WHAT TO DO: Below is a listing with pictures in it; transcribe exactly the lines from the one that has "The Proximal Femur Plate" through the one that has "- kein Umfallen", and omit those pictures.
[[ RECORDS TO USE open ]]
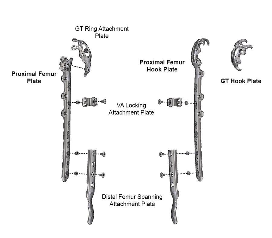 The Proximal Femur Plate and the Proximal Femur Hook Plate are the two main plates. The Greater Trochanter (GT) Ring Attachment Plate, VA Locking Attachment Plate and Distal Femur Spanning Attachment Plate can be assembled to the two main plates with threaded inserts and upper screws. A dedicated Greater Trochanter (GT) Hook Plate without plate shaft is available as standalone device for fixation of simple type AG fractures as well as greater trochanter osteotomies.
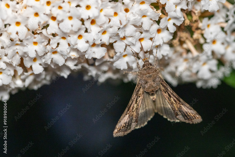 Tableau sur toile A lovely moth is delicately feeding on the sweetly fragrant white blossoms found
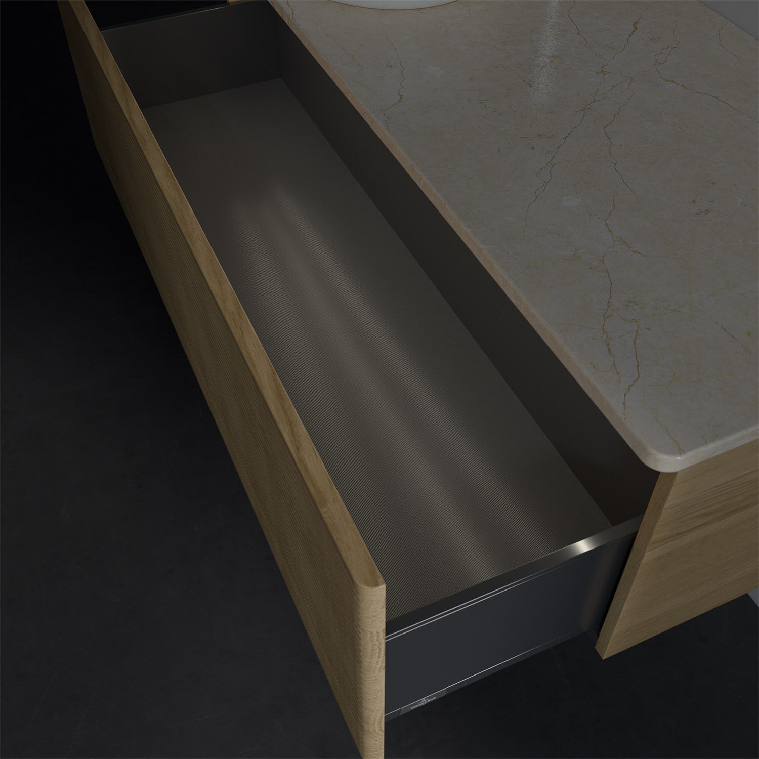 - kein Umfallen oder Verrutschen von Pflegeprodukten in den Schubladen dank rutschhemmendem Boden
[[ RECORDS TO USE closed ]]
[[ RECORDS TO USE open ]]
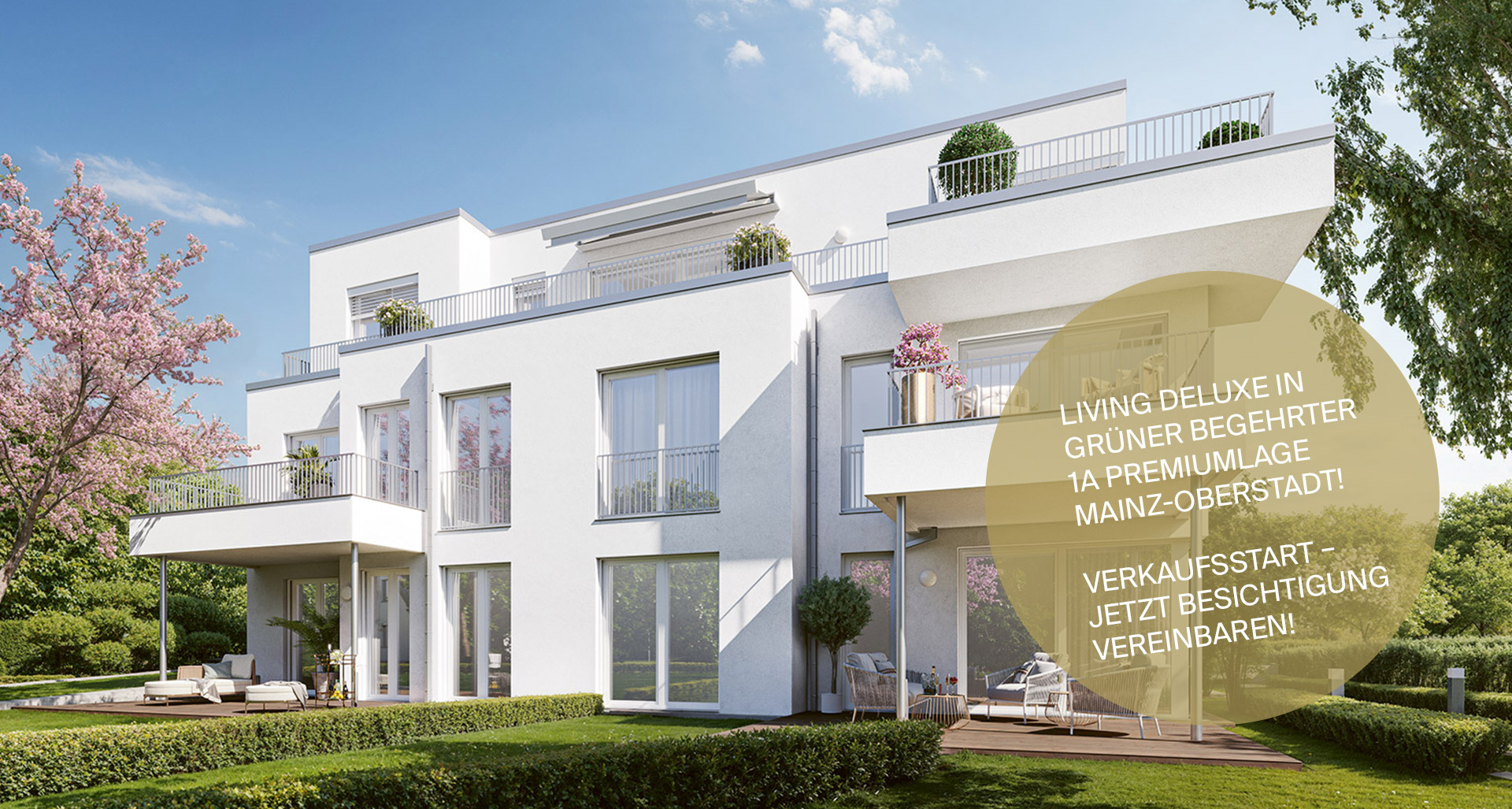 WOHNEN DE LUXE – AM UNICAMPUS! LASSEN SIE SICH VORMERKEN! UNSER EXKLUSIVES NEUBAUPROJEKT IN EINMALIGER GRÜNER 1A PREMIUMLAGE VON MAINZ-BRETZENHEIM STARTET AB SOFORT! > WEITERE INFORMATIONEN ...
[[ RECORDS TO USE closed ]]
YOUR SOLUTION:
 The Proximal Femur Plate and the Proximal Femur Hook Plate are the two main plates. The Greater Trochanter (GT) Ring Attachment Plate, VA Locking Attachment Plate and Distal Femur Spanning Attachment Plate can be assembled to the two main plates with threaded inserts and upper screws. A dedicated Greater Trochanter (GT) Hook Plate without plate shaft is available as standalone device for fixation of simple type AG fractures as well as greater trochanter osteotomies.
 Tableau sur toile A lovely moth is delicately feeding on the sweetly fragrant white blossoms found
 - kein Umfallen oder Verrutschen von Pflegeprodukten in den Schubladen dank rutschhemmendem Boden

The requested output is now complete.